If you want to go deeper on ACI / tool design. The SWE-agent paper (Yang et al., 2024) and the mini-SWE-agent code (100 lines) together teach the complete arc: custom tools help, then models catch up, then simpler tools suffice.

If you want to evaluate harnesses. Read the smolagents source (~1000 lines). Read mini-swe-agent. Skim Claude Code's public docs. You'll find the ideas in this book instantiated in each, with different tradeoffs. Recognizing those tradeoffs is the skill.

If you want to stay current. Anthropic's engineering blog. OpenAI's cookbook. The Modal and E2B blogs (for sandboxing). Simon Willison on prompt injection. Hamel Husain on evals.

22.7 The Last Commit

git add -A && git commit -m "ch22: multi-provider demonstration and closing"
git tag ch22-final

22.8 Try It Yourself

1. Score your own harness.

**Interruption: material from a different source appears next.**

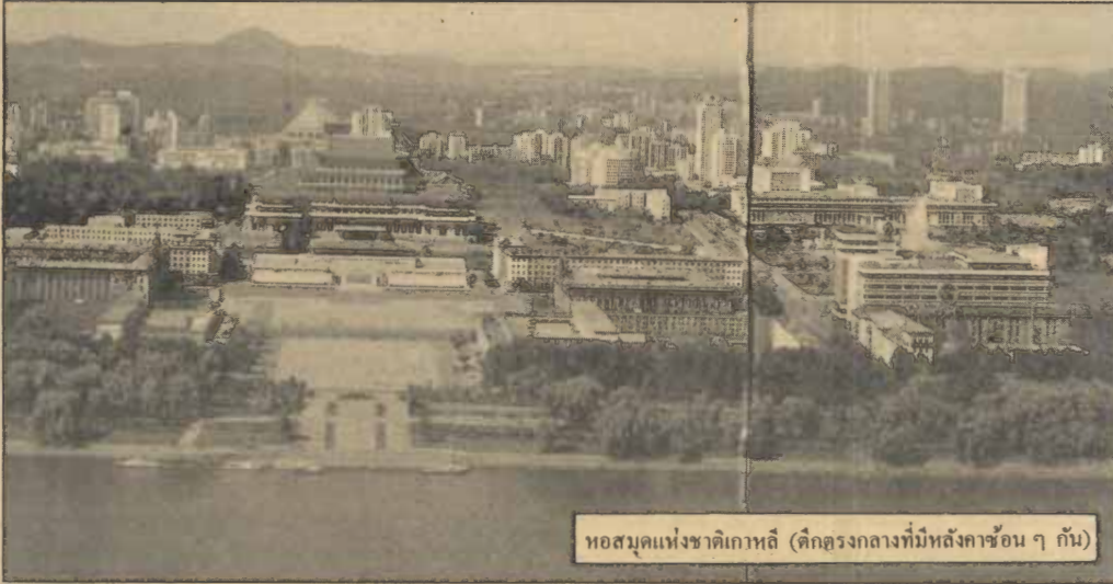
หอสมุดแห่งชาติเกาหลี (ตึกตรงกลางที่มีหลังคาซ้อน ๆ กัน)

แสดงของเด็กโต ๆ ทำให้ไม่แปลกใจเมื่อรู้ว่าเกาหลีมีแชมป์โลก อิมนาสติกอยู่หลายคน ถ้าฝึกกันตั้งแต่เด็ก ๆ พื้นฐานจะดีและเก่งกว่าที่จะฝึกคอนโด ๆ (อยากให้ผู้รับผิดชอบเรื่องกีฬาบ้านเรามาดูงานบ้างจะได้พัฒนากีฬาของเรอย่างจริงจัง ของเขานั้นถ้าเป็นพวกที่เล่นกีฬาเก่ง ไม่ต้องห่วงเรื่องการเรียน เขาจะจัดครูพิเศษตัวให้ต่างหาก และเกียรติยศของนักกีฬาที่ชนะการแข่งขันระดับประเทศแล้วจะได้รับยกย่องอย่างวิจิตรบรรจงถือว่าได้ชื่อเสียงแก่ประเทศชาติ) เคล็ดลับในการแปรอักษรให้ได้นั้นเขาแยกเป็นหลายโรงเรียน และแต่ละแห่งจะแยกได้ค้ไปซ้อมแปรอักษรทุกวัน รูปภาพที่แปรออกมาจึงสวยงาม และพร้อมเพรียง บางทีใช้ไม้ค้วงตะลูกบอล จนเข้าประตูก็มี เกาหลีมีนโยบายพัฒนาเยาวชนด้วย การศึกษา การกีฬา และดนตรี การพัฒนากีฬาโดยส่งเสริมการเล่นอิมนาสติกเป็นหลัก นอกจากนี้จะเป็นการคัดคนเก่งไว้แข่งขันกับชาติอื่น ๆ แล้วยังช่วยให้เด็กเขาแข็งแรงและมีระเบียบวินัย เด็กผู้หญิงเกาหลีดูแข็งแรงมาก เวลาจะเดินไปโรงเรียนจะเดินเป็นแถว เข้มแข็งกับเด็กผู้ชาย เด็กผู้หญิงนิยมติดโบว์เป็นกลุ่มไว้บนศีรษะ แต่หากลสักัน พอโตขึ้นก็ไว้ผมแบบธรรมชาติ

Take whatever agent system you currently work on — or plan to build — and run it through the scorecard from Section 22.4. Write down the gaps. Prioritize the top three.
2. Write the missing chapter. Pick one of the "what the harness doesn't do" items from Section 22.2 and add it. Embedding-based retrieval, tree search, a fine-tuned tool model — pick one. How long does it take? Does it fit the interfaces the book established, or does it want to break them?
3. Evaluate one more harness. Clone smolagents, mini-swe-agent, or the OpenAI Agents SDK. Read the core loop. Map it onto the vocabulary of this book. Where does it agree with the design choices we made? Where does it differ, and why?